Zero days to expiration or 0DTE options are contracts with less than one day to expiration—in other words, same-day expiration. Although most common with day traders trying to capture rapid intraday moves, asset managers have steadily adopted 0DTE strategies. Most commonly, institutions use them for premium harvesting (call and put writing) or cheap, precise portfolio hedges.
Given how liquid the 0DTE option chain has become, buyers of these contracts can enter and exit trades with incredibly tight bid-ask spreads. We will take a deep dive into the cause and effect of 0DTE options on daily market operations, their explosive growth, and the risks involved.

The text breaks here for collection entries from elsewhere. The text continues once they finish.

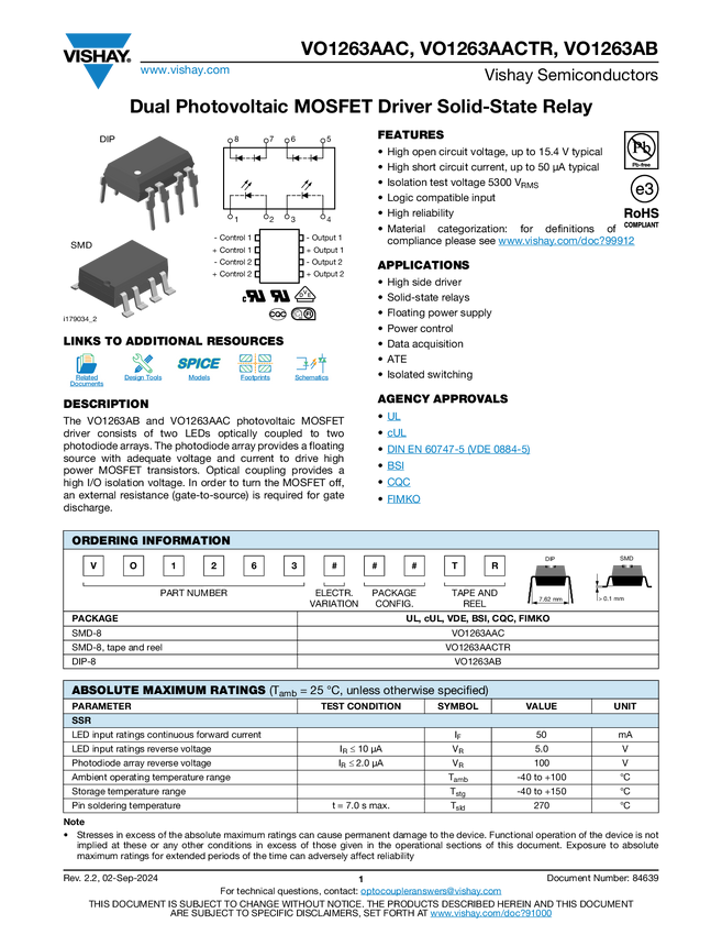 VO1263AAC Dual Photovoltaic MOSFET Driver Solid-State Relay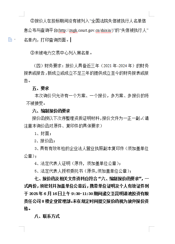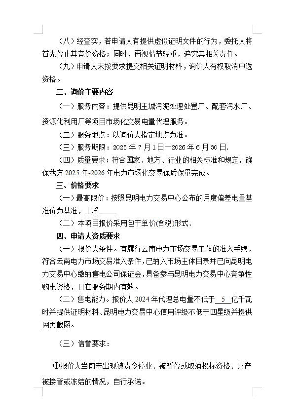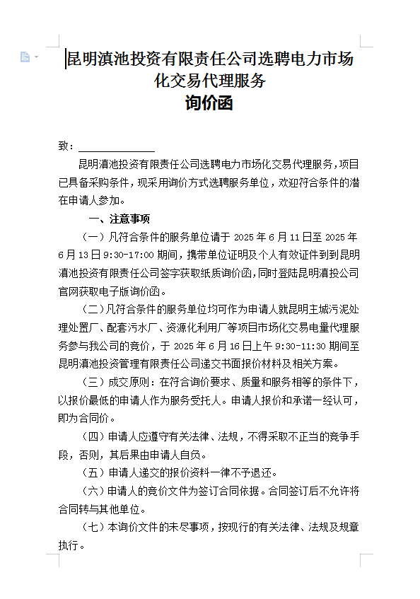 首頁(yè)>信息公開(kāi)>昆明滇池投資有限責(zé)任公司選聘電力市場(chǎng)化交易代理服務(wù)詢價(jià)函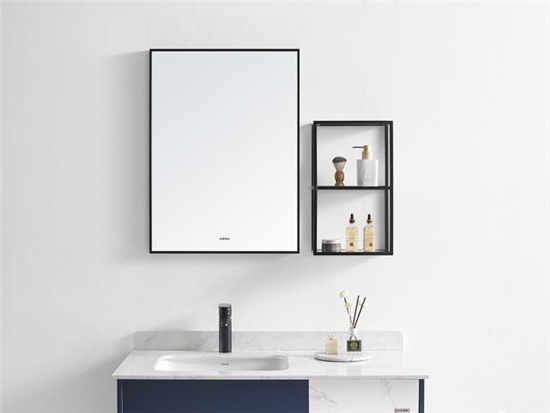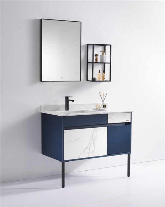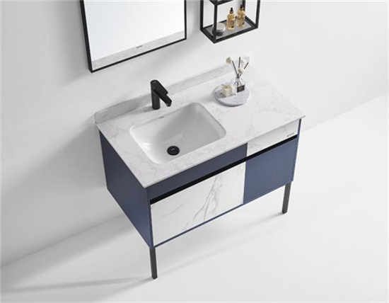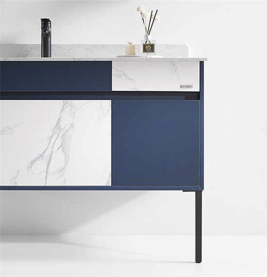 安华卫浴N1D10T63-B布鲁斯系列浴室柜,静谧的绅士蓝与大理石纹路的不对称设计,创造出深邃优雅的特质,黑色柜脚与置物架为整体带来沉静、高雅的感觉。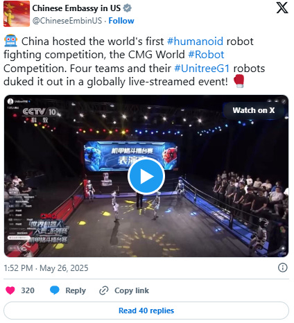 The World Robot Competition Mecha Fighting Series had four human-controlled robots built by China-based firm Unitree compete in three, two-minute rounds with winners crowned through a points system, according to a May 26 report from the China state-owned outlet the Global Times.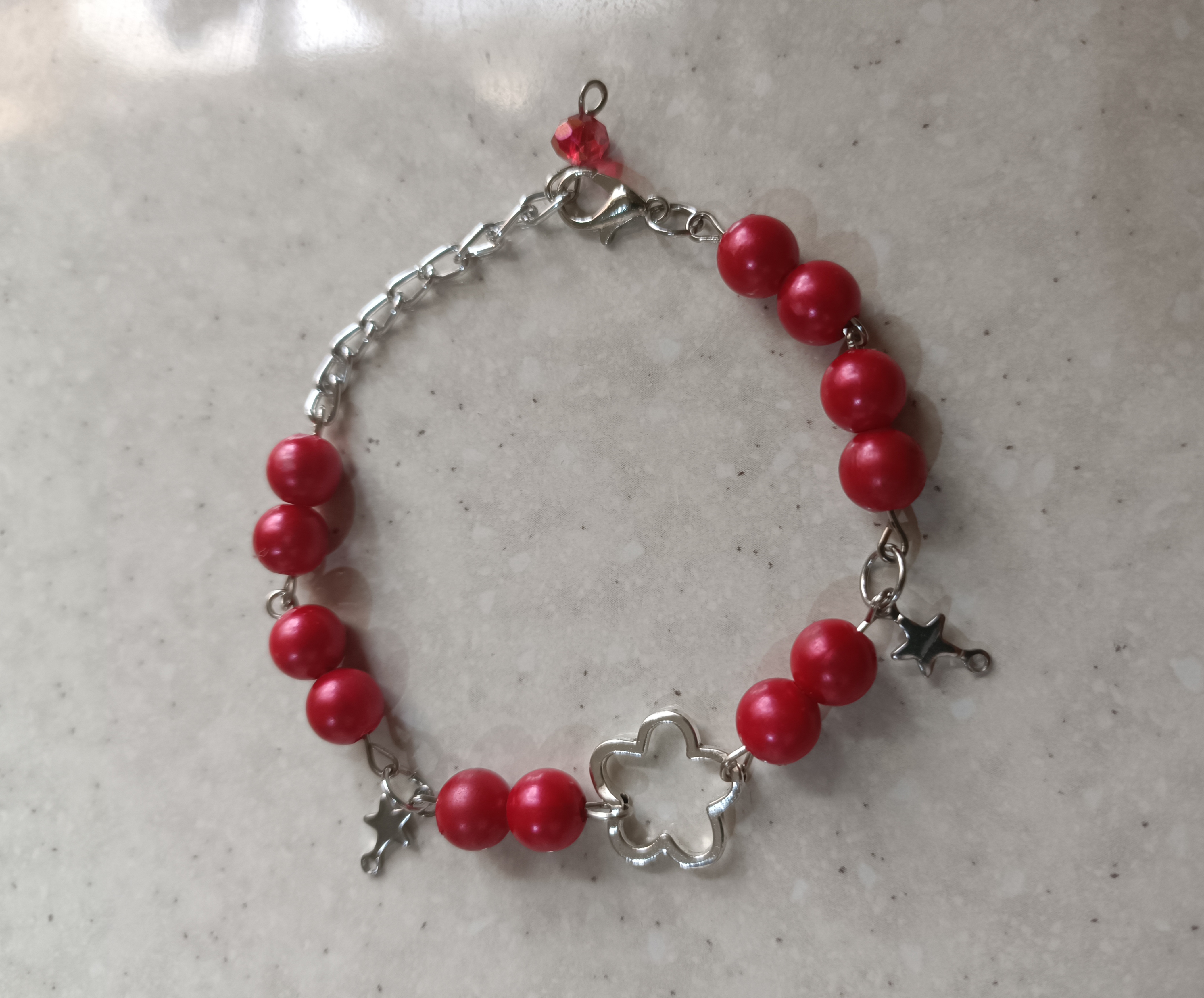 مرواریدی پینترستی قرمز با خرجکار گل و ستاره 🤩 بسیار زیبا و جذاب 🔥 کاملا دست ساز و محکم ♥️ مناسب برای هدیه دادن و مهمانی 🌸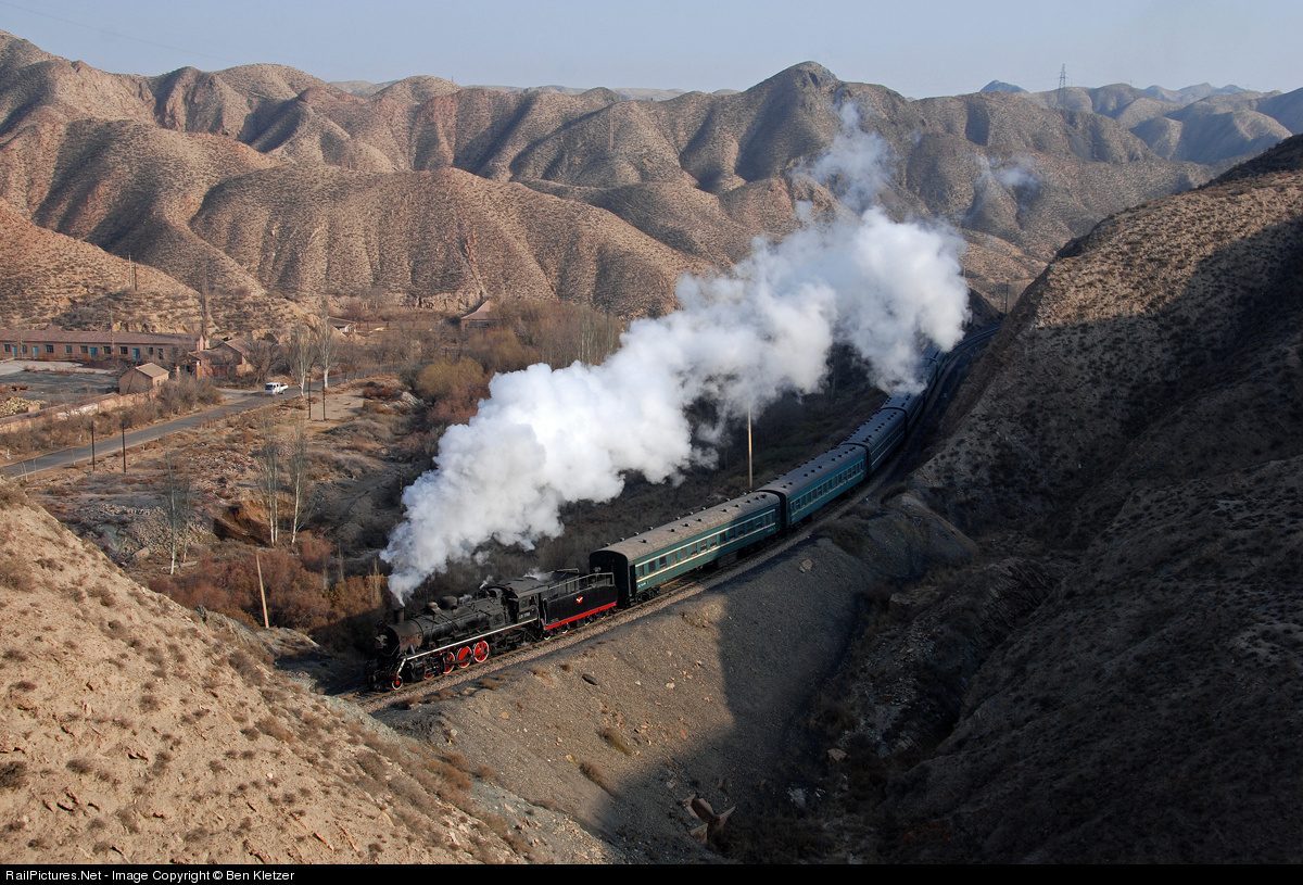 On a cold winter's day in 2010, the afternoon passenger storms up the loess canyons in Baiyin. This scenic railway existed to serve a massive copper mine deep in these canyons, as well as the associated smelters and industries. Despite this industry, the passenger train was the highlight, for it was the last standard gauge revenue steam passenger in the world, existing to serve the villagers and workers of this area. Sadly, this line was finally dieselized in 2013.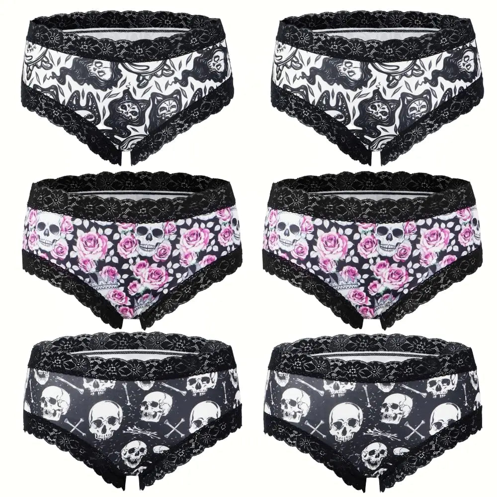 SENBEVINI 6pcs Gothic Chic Low-Rise Bikinis - Contrast Lace Skull & Eyeballs & Stars Print Comfortable Hipster Panties for Women (US Alpha Large Regular Regular Multicolor)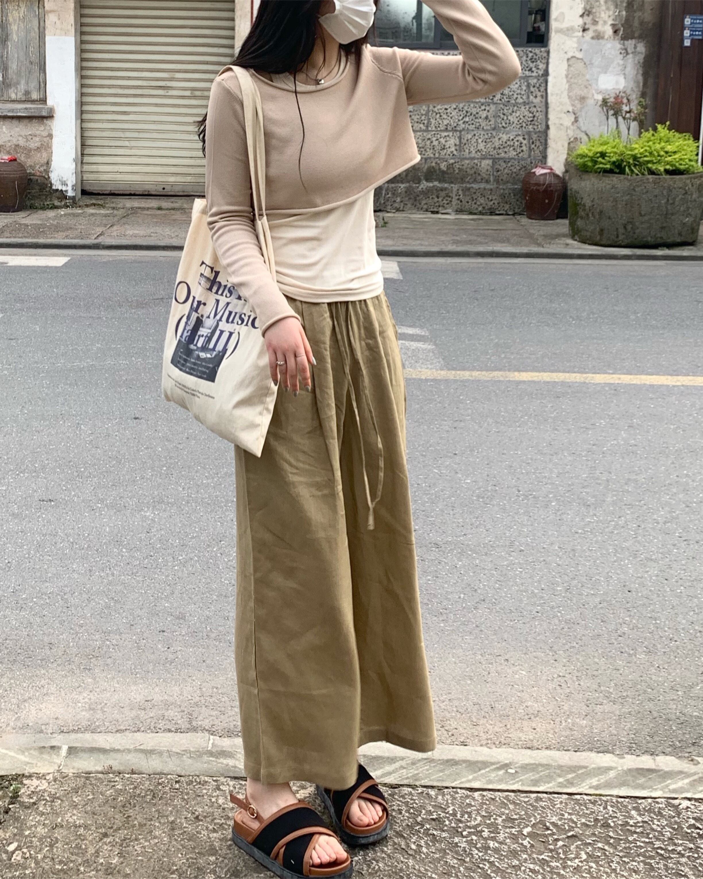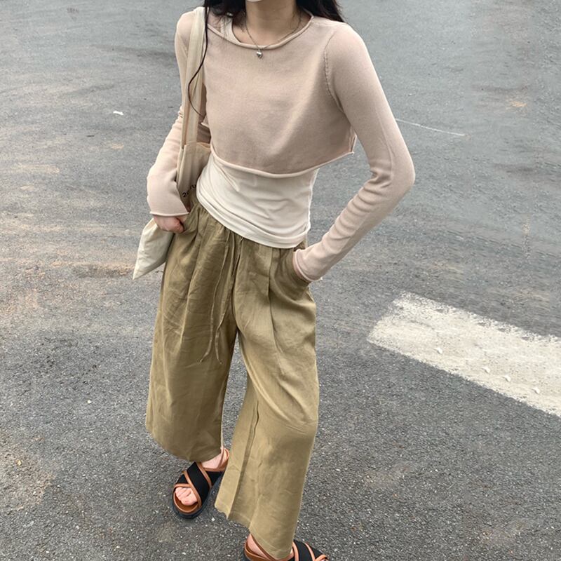 カーキカジュアルパンツ サマー薄手ハイウェストウェストルーズ 夏物 スーパーモール26994505809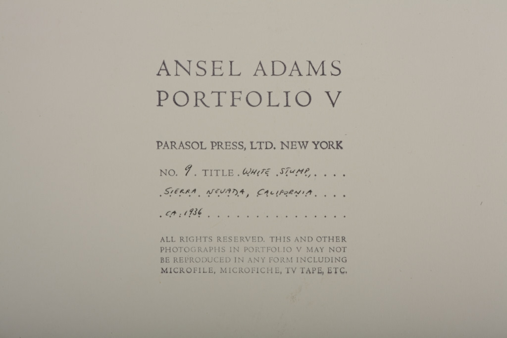 ANSEL ADAMS (1902–1984) ‘Portfolio V, #9, White Stump, Sierra Nevada, California’, c. 1936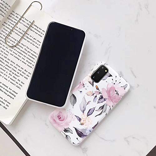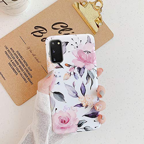Cover Galaxy S20,Custodia Galaxy S20 Modello dipinto fiori foglie banana Ultra Sottile Morbido Trasparente Silicone Custodie Protettivo Crystal TPU Gel Cover Custodia Chic Clear Case Cover,Fiore rosa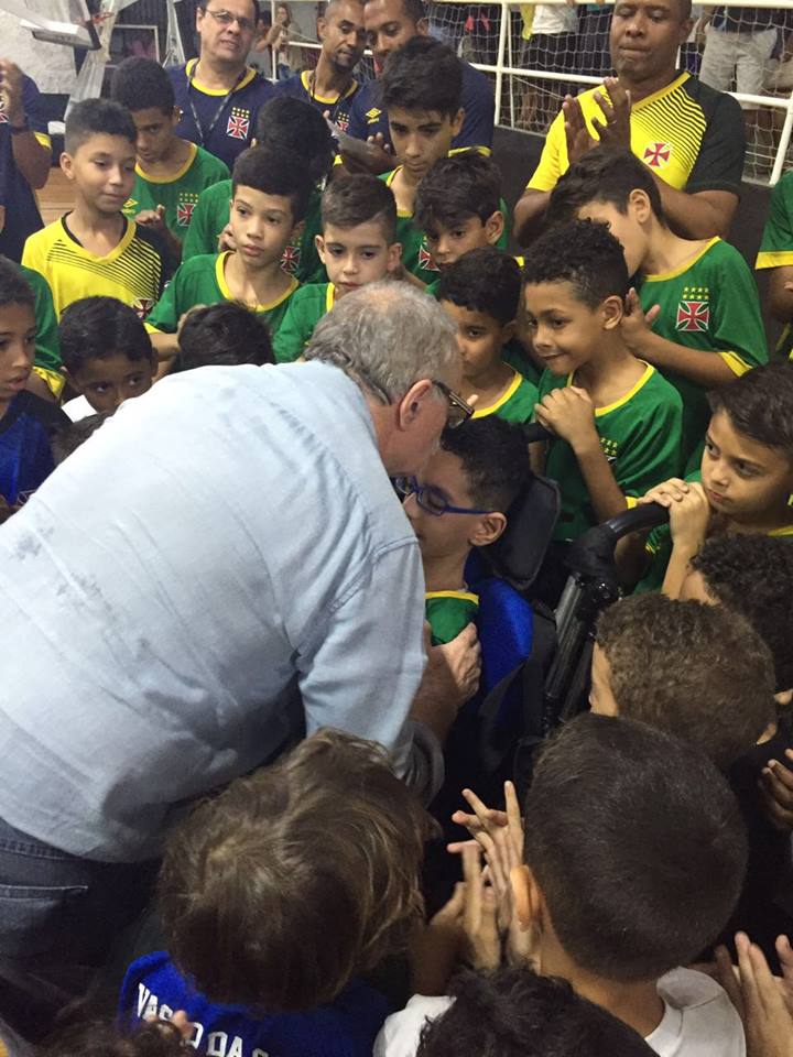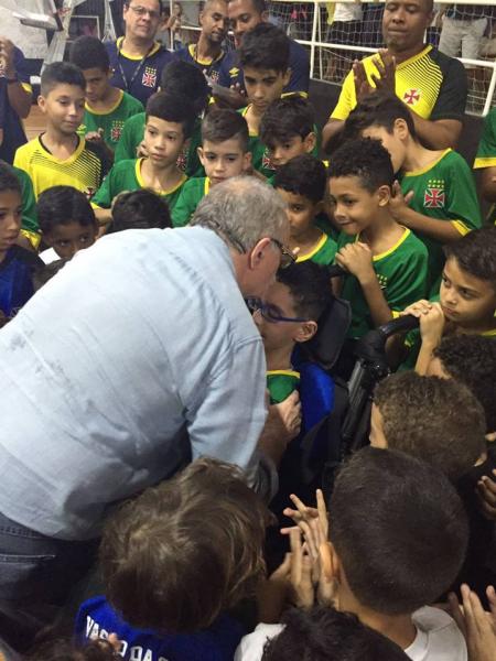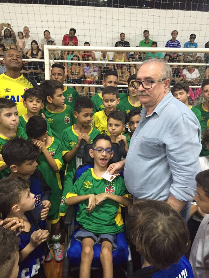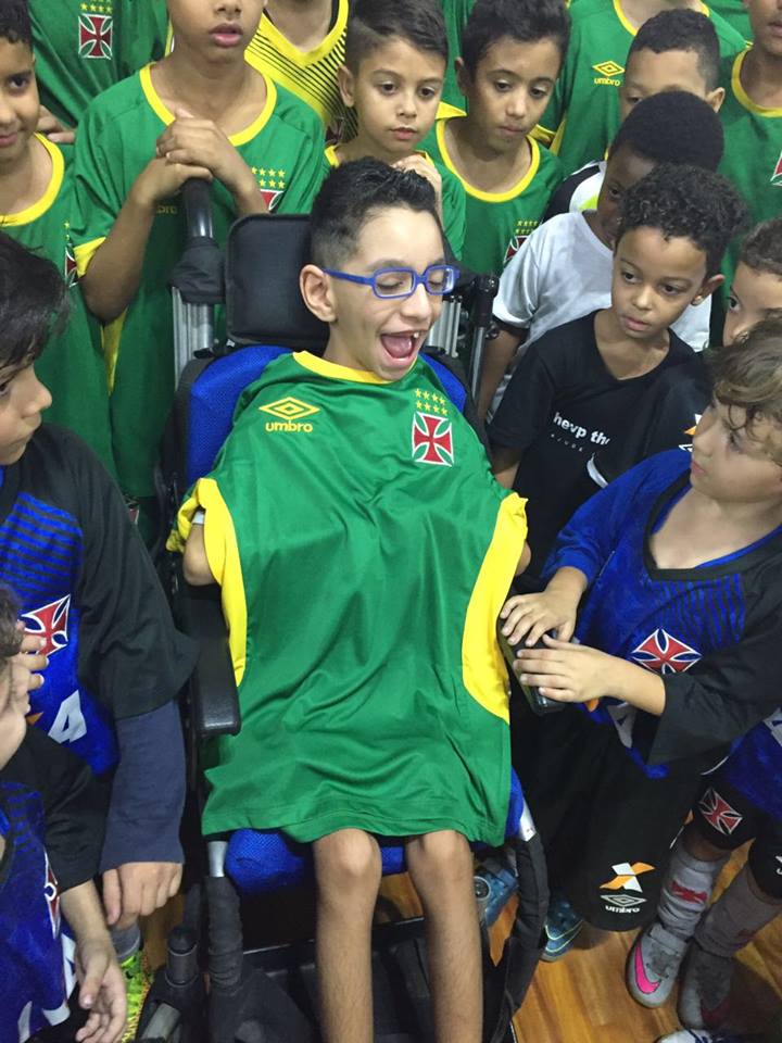 O menino João Pedro, que recentemente conseguiu através de uma campanha de arrecadação na internet uma nova cadeira de rodas, foi escolhido como novo mascote do departamento infanto-juvenil do Vasco.

The Rise of 0DTE: 59% of SPX Volume
CBOE (Chicago Board Options Exchange) debuted SPX (S&P 500) index options in 1983. The rapid adoption of options into asset managers’ portfolios grew exponentially. There was so much demand that in 2005, CBOE introduced SPXW or weekly option expirations. From there, Monday and Wednesday expirations were introduced, and finally, in 2022, Tuesday and Thursday expirations were added—creating a market where options expire every single trading day.
The introduction of daily expirations acted as rocket fuel for options volume. In 2016, 0DTE options made up roughly 5% of total SPX volume. By 2021, that number had grown to 35%. Following the launch of daily expirations in 2022, the volume share jumped to 44%.
According to the Cboe 2025 State of the Options Industry report, 0DTE options in SPX averaged 2.3 million contracts daily, accounting for a massive 59% of total SPX volume [1].

Retail vs. Institutional Volume
A major misconception is that retail day traders are entirely to blame for the 0DTE frenzy. While retail adoption has surged—fueled by commission-free trading platforms—they are not the only players in the space.
Cboe data from 2025 indicates that retail flow makes up an estimated 50% to 60% of 0DTE trading [2]. However, the remaining 40% to 50% is driven by institutional investors, market makers, and algorithmic trading desks using these short-dated contracts for precision hedging and yield generation.
How Market Makers Hedge 0DTE
The role of a market maker is to provide liquidity to the markets while profiting from the bid-ask spread. A market maker isn’t required to hedge, but they will do so in order to stay delta-neutral. Delta is defined as the theoretical value of an options premium price in a $1 move of the underlying asset. Gamma is the second-order derivative of delta—it measures the rate of change of an option’s delta for every point move in the underlying.
Market makers take the opposite side of your trade. If you buy a call option with a 30 delta, the market maker who sold you that option will need to buy 30 shares of the underlying to stay delta-neutral. It works the same way when you write options. Market makers will sell the equivalent delta of the option from their inventory.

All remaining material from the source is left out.